Неужели? Откуда это ему известно? Кстати, а мог ли он быть так уж уверен, что в его подсознании не велись подсчеты весьма сомнительного свойства — раз его так покоробило случайное сходство с Этьеном де Ганом?
А может быть, послать еще одну телеграмму… И в ней объяснить… взять назад…
Нет, тогда-то он уж наверняка сделает себя на всю жизнь посмешищем.
Оставалось ждать ответа.
Но день прошел, a ответа не было.
5. Ночь в Соласе
Песок, море, горы — все мерцало и переливалось в слабом сиянии звезд. Все было тьмой и тем не менее все светилось. Далеко внизу мягкие округлые очертания бухты с темно-белой пенной каймой прибоя; потом вдруг рой светящихся желтых точек вдоль берега. Это рыбаки зажигали на своих суденышках высоко подвешенные кормовые огни для ночного лова рыбы.
Давид пробирался вверх по тропинке к заброшенному каменному брустверу на самом краю скалы. От ожидания письма и от попыток работать, делая вид, что ничего не ждешь, у него к вечеру разболелась голова.
Здесь же, как нигде в другом месте, человек мог оставаться наедине с ночью и морем. Слушать монотонные удары прибоя о берег, доносившиеся снизу как биение мощного пульса. Ощущать дыхание вселенной.
Один наедине с собой.
Один? Две тени у горизонта начали вдруг принимать некие определенные очертания на фоне неба — неторопливо, медленно, как слабые изображения в ванночке с проявителем. Люди — животные — каменные изваяния? Судя по форме, едва ли это люди.
Но он узнал их, это были силуэты жандармов в касках. Их было двое, они сидели вверху, на бруствере — сидели неподвижно, поджидая его. Ночной бриз приподнимал у одного из них плащ, он подбирал его опять бесшумно, как матросы, которые хотят зарифить парус. Дула карабинов высовывались из-под плащей наружу, но только совсем немного; по тому, какими они казались укороченными, Давид мог понять, что они направлены на него.
Он остановился и зажег сигарету, давая им возможность рассмотреть его лицо. Потом потушил огонек и произнес:
— Добрый вечер.
Они промолчали, как будто разочарованные, что не смогли взять его врасплох. Потом пробормотали угрюмо:
— Здравствуйте.
У них были не только карабины, у них были и автоматы. Давид вспомнил, что как-то сказал один язвительный каталонец о вооружении жандарма: карабин, чтобы как можно более метко расстреливать своих соотечественников с большого расстояния, автомат, чтобы косить своих сограждан с близкого расстояния, и револьвер, чтобы пустить пулю в лоб самому себе.

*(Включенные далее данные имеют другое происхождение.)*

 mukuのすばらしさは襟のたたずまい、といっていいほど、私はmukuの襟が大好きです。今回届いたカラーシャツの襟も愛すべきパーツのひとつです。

Давид решил, что может продолжать свой подъем дальше, вверх по тропинке, по тень, что была повыше, прокричала предостережение. Он не стал сопротивляться. В Испании мало кто осмеливается вступить в спор с вооруженным жандармом.
Он вернулся и стал спускаться по тропинке вниз. Теперь она казалась более крутой, ночь приобрела дополнительный оттенок угрозы.

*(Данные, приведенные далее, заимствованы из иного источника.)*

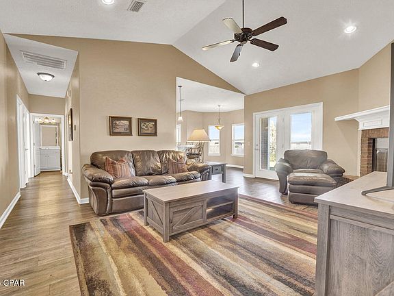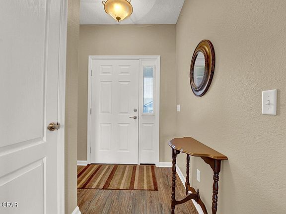 Welcome to this all brick home on a spacious lot with no HOA! There are many upgrades in this split bedroom floor plan to include stainless steel appliances, new vinyl plank flooring, crown molding, custom blinds, a built in desk and so much more. Enter into a beautiful foyer and find an immaculately kept home with bullnose corners throughout. The kitchen area includes a breakfast bar open to an inviting fireplace in the living area. The master bedroom has a beautiful tray ceiling and ensuite bathroom with 2 closets, double vanities , sinks and a separate shower and soaking tub. This Location is perfect -just a short drive to Tyndall Air Force Base, Downtown Panama City, St. Andrews, Pier Park and Sugar Sand Beaches!
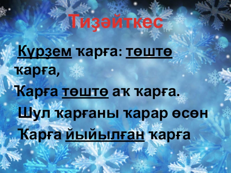 Тиҙәйткес Күрҙем ҡарға: төштө ҡарға,Ҡарға төштө аҡ ҡарға. Шул ҡарғаны ҡарар өсөн Ҡарға йыйылған ҡарға
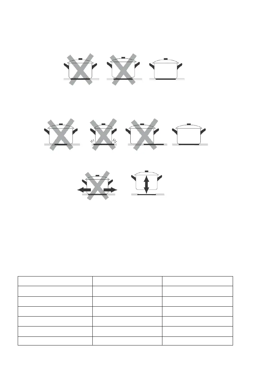 efficiency of your hob, please place the pan in the centre of the cooking zone.

Там, внизу, в разные стороны разбегались рыбачьи лодки, как рой огненных мух рассеивались по воде.
Кто-то еще взбирался вверх по тропинке, несмотря на тьму, шел спорым и уверенным шагом. Давид увидел сначала отсвет от фонаря, направленный на землю. Он остановился и зажмурился, когда световой душ из фонаря окатил его с ног до головы.
— Ах, это вы, сеньор, — произнес в темноте голос сержанта Руиса. — Вот и хорошо. А то я как раз вас искал.
— Меня? Что случилось?
— Ничего, — сказал Руис и, казалось, улыбнулся; он привык к тому, что его должность заставляет людей сразу же занимать оборонительную позицию. — Мне хотелось попросить вас об одной услуге.

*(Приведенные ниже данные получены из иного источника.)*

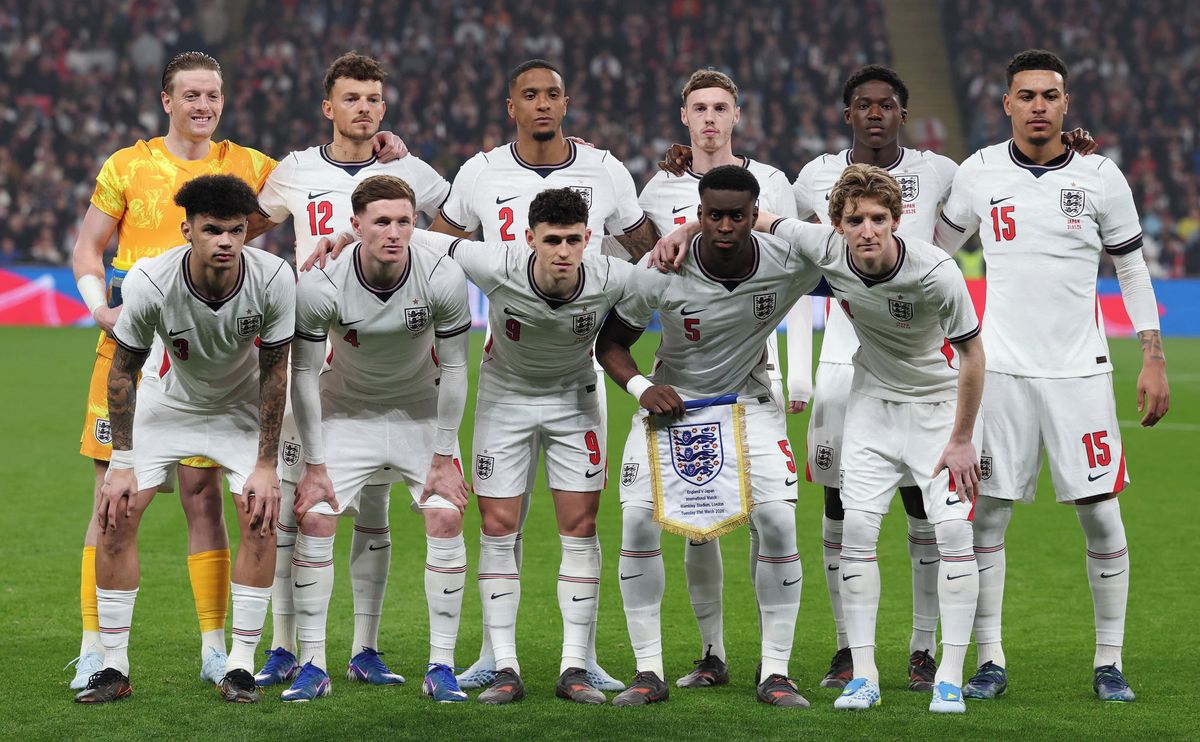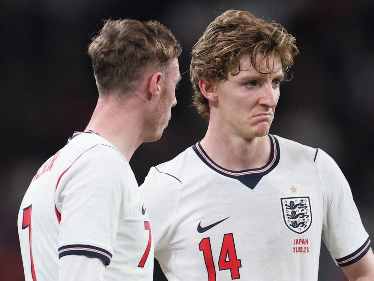 Angličané Cole Palmer a Anthony Gordon během přáteláku s Japonskem. Ani jim dresy neseděly.

Прежде чем Давид успел ответить, Руис продолжал:
— Минуточку — я только проверю несколько своих постов. Можете подождать?
И растворился в темноте.
Через несколько минут он вернулся.
— Не любят мои люди стоять на посту в одиночку здесь, наверху, да еще по ночам, — вздохнул он. — И во что бы то ни стало хотят быть на посту вдвоем…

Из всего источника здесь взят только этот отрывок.